> _WHAT THIS TASK INVOLVES_: Print every line from the start of the data, and when you reach the line with "Purcell crater on", include it and stop. Pictures are not part of the copy.

====== RECORDS FOR THE EXERCISE ======

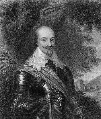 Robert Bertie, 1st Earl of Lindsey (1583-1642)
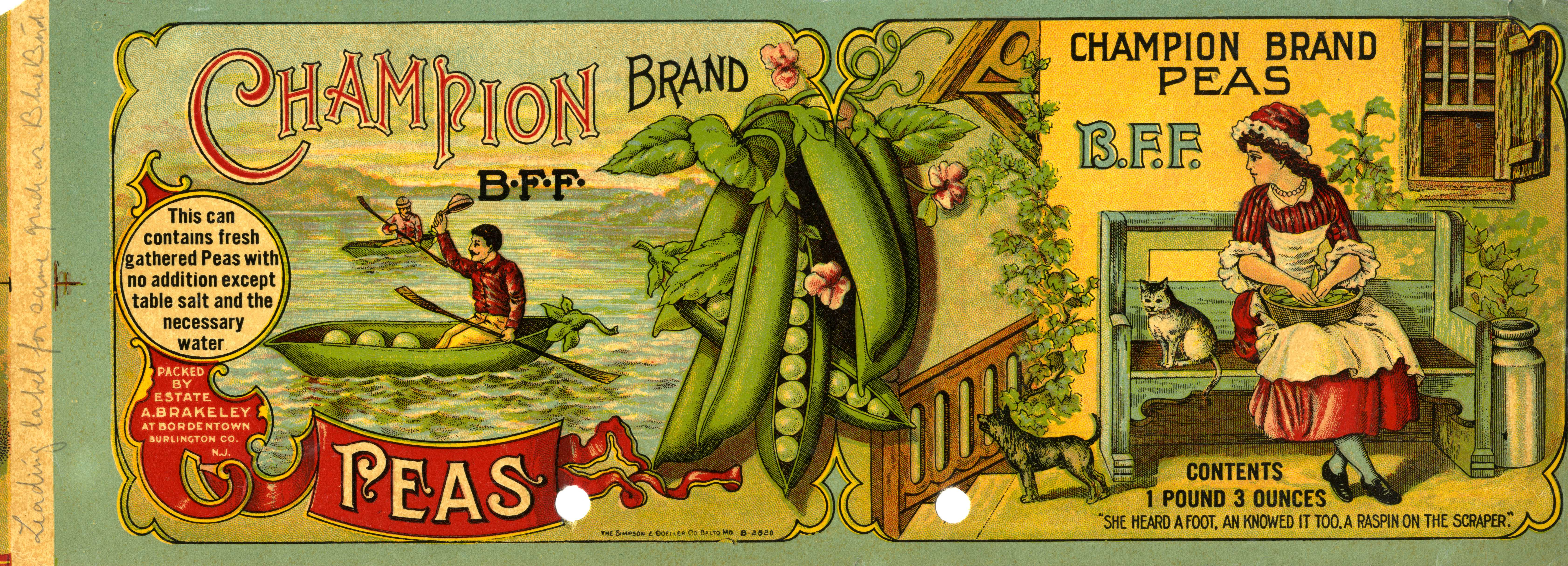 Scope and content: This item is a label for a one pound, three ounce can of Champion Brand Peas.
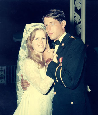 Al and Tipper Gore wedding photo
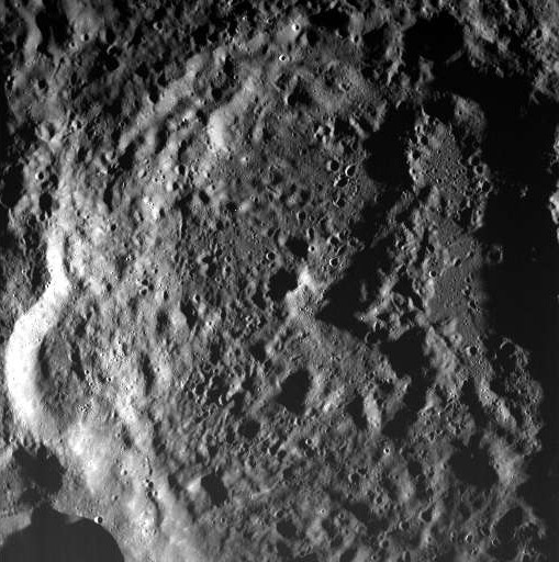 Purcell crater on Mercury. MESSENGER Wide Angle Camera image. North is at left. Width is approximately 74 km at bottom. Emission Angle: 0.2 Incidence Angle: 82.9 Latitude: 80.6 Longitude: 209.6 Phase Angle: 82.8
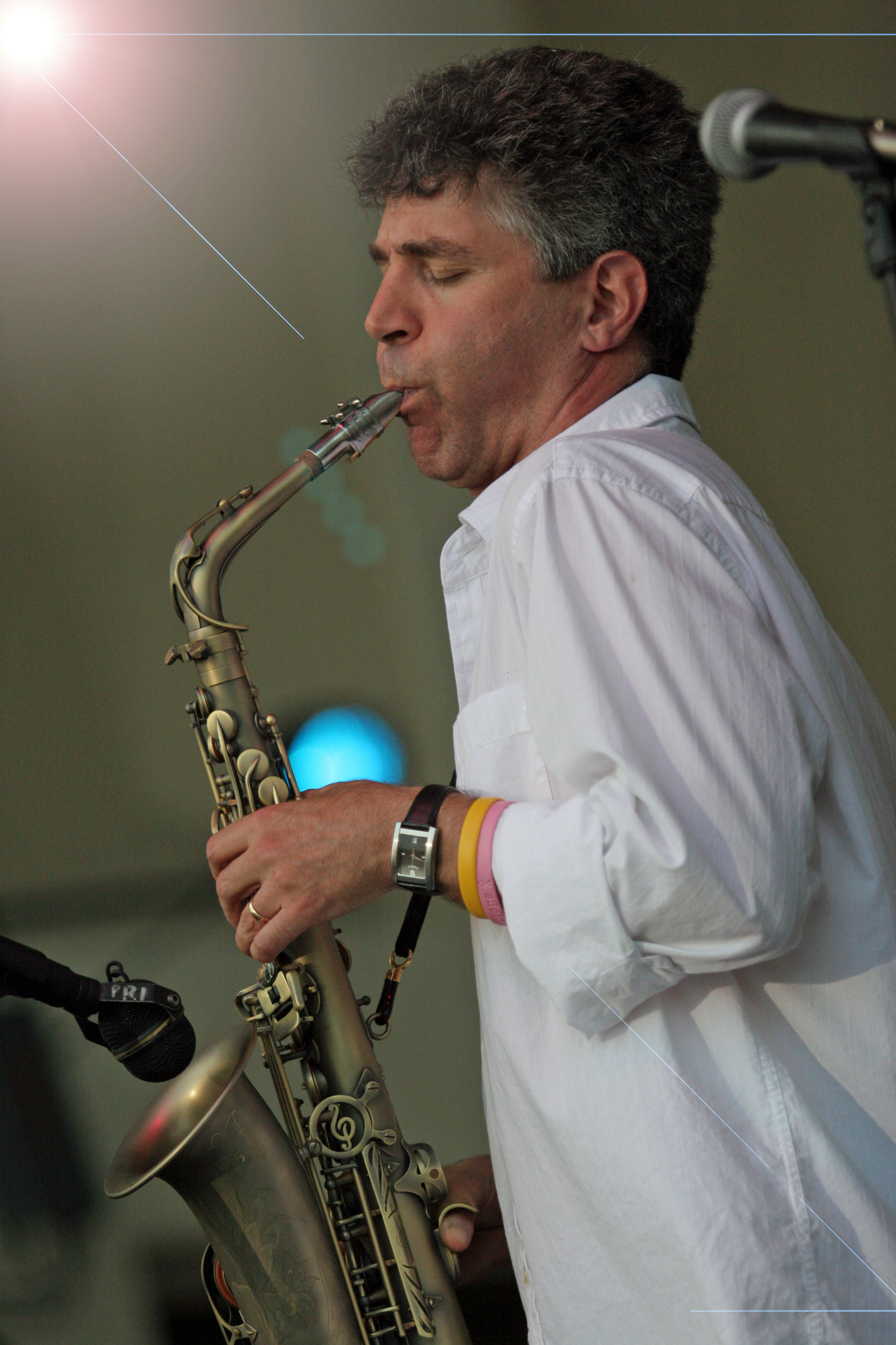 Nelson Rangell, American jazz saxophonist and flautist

======

> _ANSWER TO THIS TASK_:
 Robert Bertie, 1st Earl of Lindsey (1583-1642)
 Scope and content: This item is a label for a one pound, three ounce can of Champion Brand Peas.
 Al and Tipper Gore wedding photo
 Purcell crater on Mercury. MESSENGER Wide Angle Camera image. North is at left. Width is approximately 74 km at bottom. Emission Angle: 0.2 Incidence Angle: 82.9 Latitude: 80.6 Longitude: 209.6 Phase Angle: 82.8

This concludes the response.